Boston Foreclosures Pushed Discounts on 35 Percent of Lists

by Peter Vernon on cities

Boston foreclosures pushed home prices down and drove the city to become third in a ranking of U.S. cities with the biggest percentage of homes sold with price discounts as of the start of December, based on listings tracked by a real estate research company.

Home price discounts were reported on about 35 percent of all properties on home listings in the area. The average price discount experienced by all listings tracked was 8 percent, with total asking prices reduced by about $37.7 million in the most recent sales.

Nationwide, the prices of 22 percent of houses for sale had been reduced by an average of 12 percent, with Minneapolis having the biggest percentage of listings with price discounts.

The real estate company also reported that luxury houses priced above $2 million were sold with an average discount of 14 percent, higher than the 10-percent average discount for homes priced below $2 million.

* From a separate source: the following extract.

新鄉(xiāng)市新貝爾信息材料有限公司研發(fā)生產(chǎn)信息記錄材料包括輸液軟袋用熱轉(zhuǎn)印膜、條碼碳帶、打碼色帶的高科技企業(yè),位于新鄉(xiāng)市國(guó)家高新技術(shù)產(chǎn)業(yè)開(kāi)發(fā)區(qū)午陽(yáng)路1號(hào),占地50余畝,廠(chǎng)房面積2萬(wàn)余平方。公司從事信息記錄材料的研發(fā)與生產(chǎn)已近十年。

Luxury homes priced above $2 million comprised only two percent of all home listings tracked by the research firm, but they made up 26 percent of total price reductions which has reached $24.7 billion.

Another report from Moody’s Economy.com also showed the downward pressure of Boston foreclosures on home prices. Economy.com predicted that in the next few years, home prices will continue to fall and that millions of households will become underwater.

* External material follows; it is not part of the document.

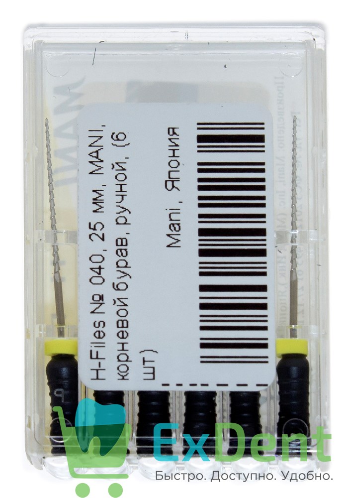 H-Files №40, 25 мм, MANI, корневой бурав, ручной (6 шт)

Economy.com estimated that the median house price in Boston in the last quarter this year would be $309,000 and that it would bottom next year in the fourth quarter at $303,000. Nationwide, the report estimated that the median sales price in the last quarter would be $159,000, a drop from the $170,000 median in the previous quarter. It also predicted that the median home sales price will bottom at $146,500 next year in the third quarter.

In contrast, however, a report from another real estate consulting firm stated that Boston performed best among all cities in preserving residential property values. This report said that Boston gained a total of $23 billion in home values, a sharp contrast to the overall loss of nearly $500 billion in home values across the U.S. in 2009.

The report added that Boston was one among only 48 metro-area markets that posted gains in home values out of a total of 154 metropolitan markets tracked this year.